When Grey does encounter his wife’s killers, the action sequences intimately remind us of the bullet-time sequences from the first “Matrix” movie, reinforcing the vigor of every strike and blow. The cinematography is reminiscent of “Blade Runner 2049,” with scenes draped in neon hues of orange and purple. And the dialogue hearkens us back to a “Mad Men” or “King of the Hill” episode, with Grey delivering hilarious quips reminding his assaulters he is just not of this time.
But “Upgrade” does have shortcomings in its depictions of the future.
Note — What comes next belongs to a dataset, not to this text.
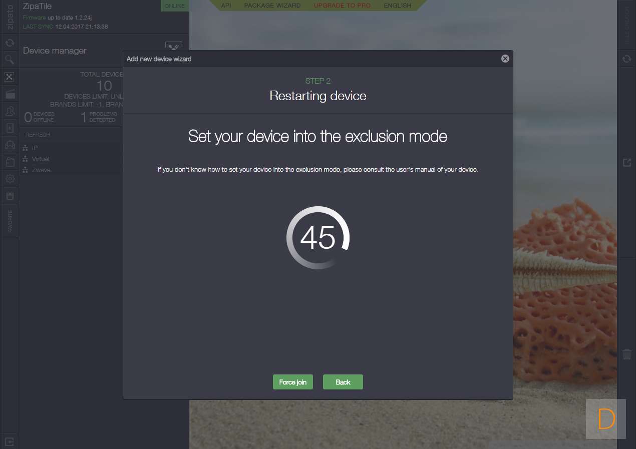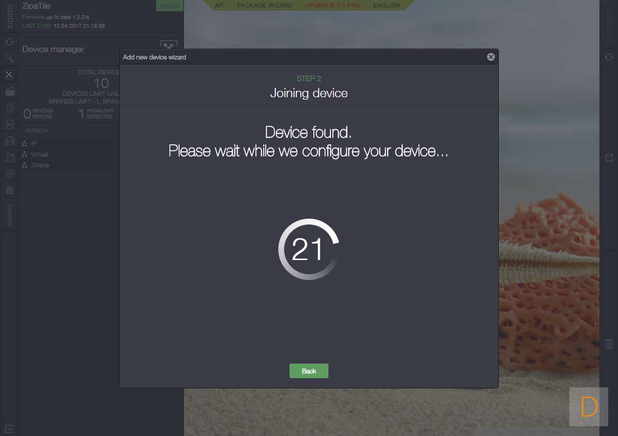Het toevoegen van de Fibaro Wall Plug aan de ZipaTile gaat door in te loggen en naar het apparaten gedeelte te gaan. Hierna klik je op "add device" en klik je op Z-wave. Hierna is het een kwestie van hem in het stopcontact te stoppen, door de auto inclusion zal hij hierna gevonden en toegevoegd worden. De LED zal aan en uit gaan tijdens het toevoegen. Zorg altijd dat je dicht in de buurt bent van de controller.

The first 20 minutes of the film are like an outdated artificial exhibit at EPCOT, and the ending, while ambitious, still feels like it was a first draft inspiration, that Whannell came up with this first and then worked backwards to make it fit. At one point, one of Grey’s enemies sneezes tiny, knife-wielding robots into a victim’s nostril. Sure, nanobots are common elements in today’s science fiction, but nasal-powered ones feel a bit stuffy even for “Upgrade’s” taste.
With its relative cast of nobodies, some of whom don’t even have headshots on their IMDb pages, “Upgrade” initially seems like the kind of movie destined for an unannounced Netflix release. But Whannell manages to craft enough futuristic zest and intrigue to make it a worthy theatrical feature, even if its parts don’t add up to a meaningful whole.